Здесь мне будет в очередной раз очень-очень-очень тяжело. Потому что я сейчас, как ледокол, разбивая льды, иду против течения. Это против моего характера, против природы, против актерской натуры, против того, к чему я привык. С одной стороны, начинаю себя не любить и ненавидеть в это время, потому что не получается. А с другой стороны, это, наверное, для артиста необходимо – вернуться на второй курс института, почувствовать себя студентом. И это только плюс к профессии. Потому что за 30 лет в театре сыграно уже море ролей, а здесь вдруг понимаешь: ты, как «белый лист». Безусловно, наработки есть, но когда тебя вынуждают идти против своей натуры... Хотя Вершинин, который тоже поначалу был мукой, за два года, пока мы играем спектакль, стал мне уже удобен. Кончаловский, образно говоря, мне тогда руки выворачивал. Хотя он это отрицает и говорит, что своего Вершинина я придумал сам.
Сейчас история повторяется. И я просто упал на колени, говорю: «Секи голову, я больше не могу».
– Может, вы недовольны собою, в то время как режиссеру все нравится в вашей трактовке образа? Вам присуще самобичевание?
– Понимаете, тут другое. Гаев – не тот персонаж, который досконально прописан Чеховым. В третьем акте он вообще произносит только пять предложений: «Вот возьми... Тут анчоусы, керченские сельди... Я сегодня ничего не ел... Столько я выстрадал! Дашь мне, Фирс, переодеться».
Всё!
Но надо же не просто показать его характер, а протащить это через четыре акта. Потому что за этими несколькими предложениями должна стоять история. И надо сделать эту характерность своей, чтобы она не вызывала у зрителей сомнений – вот это для меня сейчас задача номер один. Но повторюсь, артистам надо иногда идти против своих наработок.
В актерской профессии не бывает все гладко. Есть роли более удачные, есть менее удачные, но они все равно все твои. Как ни крути, они все рождены тобою. Каждая новая роль – это как роды. А роды вообще проходят нелегко, я имею в виду физиологию. Идет время накопления, когда за репетиционный период ты начинаешь жить этим персонажем. Появляется совсем другой опыт, потому что тебя бросало из огня да в полымя. Хотя я сам не раз по своей воле бросался в крайности, потому что очень хотел сыграть такой диапазон – от Сирано до Джекила.

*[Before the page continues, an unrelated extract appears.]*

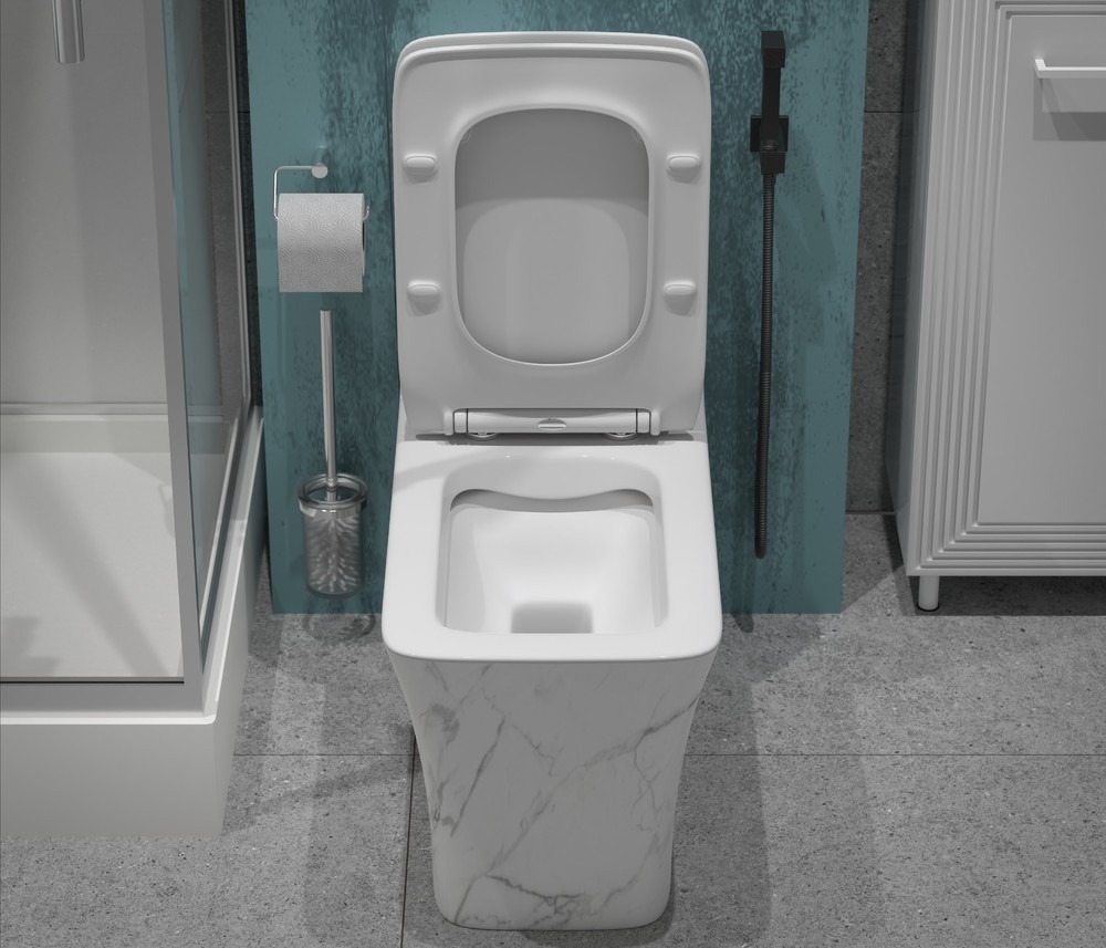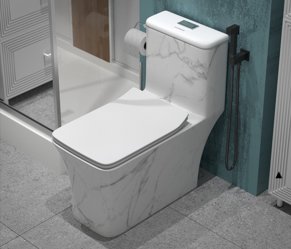 Декор "Мрамор". Унитаз - монолит (моноблок) имеет приемущества перед унитазом-компактом в том, что у него нет соединения между унитазом и бачком, являясь одним целым изделием. Данная технология производства позволяет выполнить оригинальный дизайн изделия, исключить возможность поломки крепления бачка к унитазу, исключить течь между унитазом и бачком, упрощает установку и обслуживание изделия. В комплекте: крепление к полу, арматура двухуровнего слива, сидение с доводчиком.

– Так и в самой «Странной истории доктора Джекила и мистера Хайда» тоже диапазон очень широкий – от гения до злодея. Как у вас сил хватает на такой сложный спектакль?
– Он действительно очень тяжелый для меня. Можно, конечно, играть его «с холодным носом», но если отдаешь себе отчет в том, что ты не артист мюзикла, то, конечно, это очень тяжело. Потому что надо заставить себя хоть как-то звучать – это раз. Потом желательно сыграть, чтобы было понятно, кто есть кто и почему, и зачем. На многие вопросы я для себя ответил. И эта новелла Стивенсона для меня более-менее ясна. Мне понятно, – почему Джекил и что такое Хайд. И что такое в Джекиле Хайд, и Хайд в Джекиле.

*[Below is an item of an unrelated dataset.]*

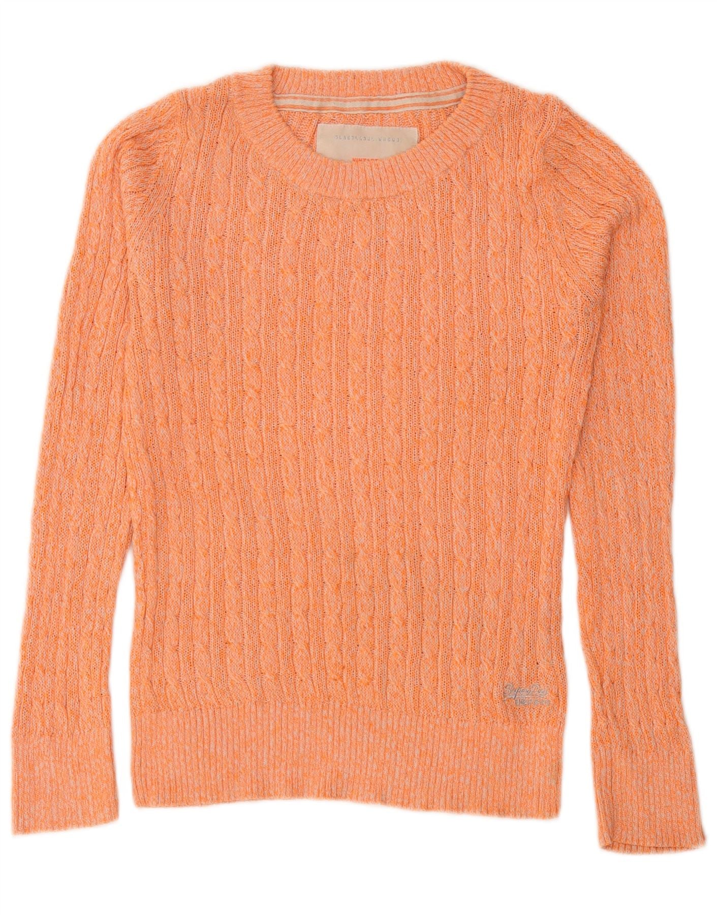 Superdry Womens Crew Neck Jumper Sweater UK 14 Large Orange Flecked Cotton

– В каждом человеке есть и Джекил, и Хайд.
– У каждого есть скелеты в шкафу. В каждом человеке есть добро и зло. Другое дело, что в силу воспитания, в силу образования, в силу общественного мнения имеем ли мы право выпустить Хайда наружу? Не дай бог этого сделать. Не выпускай, потому что он обратно не войдет. Ты позволил злу выйти. А если зло выпущено, то, ой, как проблематично загнать его обратно. И с каждым разом зло преобладает. С каждым разом его превращения происходят сами по себе и вот уже все – не надо никаких инъекций. Злодей понял, что он всесилен, он всемогущ. Вот об этом наш спектакль.
– Многие актеры говорят, что интереснее играть злодеев. Там больше красок.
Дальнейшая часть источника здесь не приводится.